Violeta Munoz-Fuentes, Mouse Informatics, EMBL-EBI
The IMPC is making a catalogue of gene function using the mouse as a model, knocking out one protein gene at a time and recording the phenotype alterations that are observed in the knockout (KO) mice as compared to the wildtype or background strain. By understanding the physiological systems that get affected, the IMPC can link gene with function. Significant phenotype alterations in the KO mice are primarily annotated using the Mammalian Phenotype Ontology, but other ontologies may also be used, as needed (MA, MPATH, PATO, Uberon, EMAPA). The ultimate goal of the IMPC is to help diagnose human disease. One way to get support for the involvement of a rare variant found in the genome of a patient with a rare disease is by phenorreplication of the patient’s phenotype in an animal model for which that gene has been knocked out (or the variant engineered). In the case of the IMPC, these phenotypes are described primarily using MP terms. Because patients can be / are described using HP terms, there is a need for MP – HP mappings. Some example use cases:
- A clinician has a patient with a rare disease. After sequencing, several genes are identified as potential candidates. The clinician looks up the genes orthologous to the human genes in the IMPC (or other) database. These genes are annotated with significant MP terms, but the clinician needs to see them mapped to HP terms, as the latter are the ones that are used to describe the patient.
- A researcher wants to find genes associated with the cardiovascular function in humans. The researcher looks up “cardiovascular disease” (EFO term) in the GWAS Catalog and 331 variants are reported. Both genes and traits associated with these variants are listed (traits are curated from publications and mapped to the EFO). The researcher wants to see, for the orthologous mouse genes in the IMPC database, which phenotypes are reported in mice, and which ones are not (issue).
- A researcher has a subset of IMPC genes that are associated with the cardiovascular function. S/he maps them to the orthologous human genes and looks them up in Open Targets (EFO 3). S/he wants to know which of the phenotype hits reported in humans are also reported in mice and which ones are not.
Francisco Requena, Ph.D. Student at the Clinical Bioinformatics lab, Institut Imagine (Paris):
My work consists of the interpretation of the mutations found in the DNA of patients with genetic diseases. Phenotypic similarity analysis allows us to take advantage of patients' clinical features to find the causal gene(s). Unfortunately, hundreds of new associations of genetic diseases are discovered every year. Therefore, our current knowledge about the associations of HP terms and genes is limited. As an alternative, we have available extensive information on the effect of altered genes in mouse models with their respective phenotypical consequences.
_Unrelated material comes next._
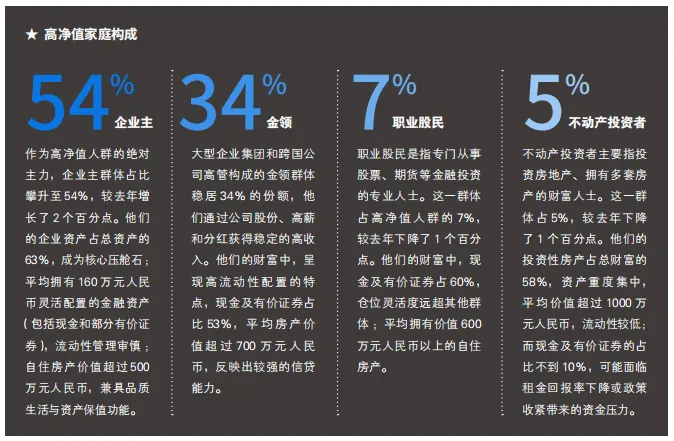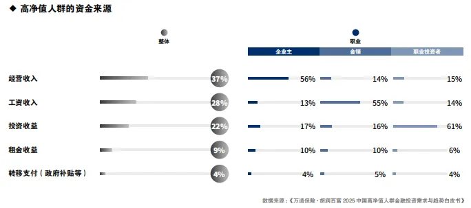 整体上,高净值人群的收入结构差异主要受其职业属性与财富创造模式的影响。三类群体的收入来源差异,反映出其所依赖的核心资本具有异质性:企业主依赖组织资本与风险承担能力,金领依赖专业化人力资本,职业投资者则依赖金融资本与风险管理能力。

For those genes without HP term annotation, an interesting approach is semantic similarity between MP terms (mouse model) and HP terms (patient).
Li Xiaoxu, Laboratoire de Physiologie Intégrative et Systémique (EPFL)
My project revolves around using our large datasets in mouse genetic reference populations (https://www.systems-genetics.org/, PMID: 29199021) to infer information about humans. One important step in this procedure is matching the many phenotypes we measured in the mice to their human equivalents, hence my interest.